Why: The math doesn’t justify the complexity at our scale.

  • Quotas are the actual hard ceiling. With NVIDIA_L4_GPUS = 2 the absolute maximum possible GPU spend is 2 × $0.896/hr × 730 hr = ~$1,308/mo. The API physically refuses to provision a third GPU. The “million-dollar bill” scenario requires someone first raising the quota — a deliberate human action with an audit trail.
  • Budget alerts at 25 / 50 / 75 / 90 / 100 / 110 / 120% of the soft budget already give humans seven escalating notifications. Critical thresholds page to Melissa’s phone.
  • Daily anomaly detection (built into Cloud Billing, free) flags day-over-day spikes.
  • The scenarios a kill-switch saves us from require simultaneous failure of (a) quotas being raised inappropriately, (b) human alert response, (c) Google’s anomaly detection. Plausible but rare.
  • The cost of a false-positive kill is high — scaling the Tier-2 LLM to 0 during a real fire compromises the platform’s safety guarantee. The crisis-state-veto design that addresses this adds complexity that has to be right.
  • The ongoing maintenance cost of a Cloud Run service, IAM, OIDC verification, action handlers, and tests is meaningful — and we’d be carrying it forever for a contingency that the math says is bounded by the quotas.

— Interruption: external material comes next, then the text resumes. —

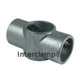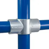 Junta de 90 °, utilizada a menudo entre rieles medios y montantes en sitios nivelados y con frecuencia emparejados con el tipo 101 o 104. El tubo pasante (vertical en la foto) no se puede unir dentro del accesorio.

What would change the answer:

  • Multi-building pilot with larger budgets where the quota math no longer bounds catastrophe at ~$1,300/mo.
  • Multiple humans in the on-call rotation where it’s easier for an alert chain to slip through.
  • An incident where the absence of L3 cost us real money.

If any of those trigger, revisit. Until then the defense stack is quotas + alerts + human response.

Implications:

  • The infra/kill-switches/ scaffolding (Cloud Run service handler) is deleted from the repo.
  • 02-cost-guardrails.md §5 (the “L3 — Automated kill switches” section) is rewritten as “considered and deferred — see decisions log.”
  • Gitea issues #17 Kill-switch Cloud Run service and #30 CE-05: Kill-switch end-to-end verification are closed as won’t-do, with cross-links to this decision.
  • Contributor-brief CE-05 and CE-13 are dropped from the cloud-engineer scope.
  • The billing-alerts Pub/Sub topic stays in modules/billing-guardrails — it’s still the destination for budget-alert messages, it just doesn’t have a programmatic consumer for now. Pub/Sub message retention (7 days) means historical alerts are queryable for incident postmortems.
  • M01 verification item #5 (synthetic budget alert triggers kill-switch) is replaced by a simpler verification: synthetic budget alert publishes to the topic and is observable via gcloud pubsub topics.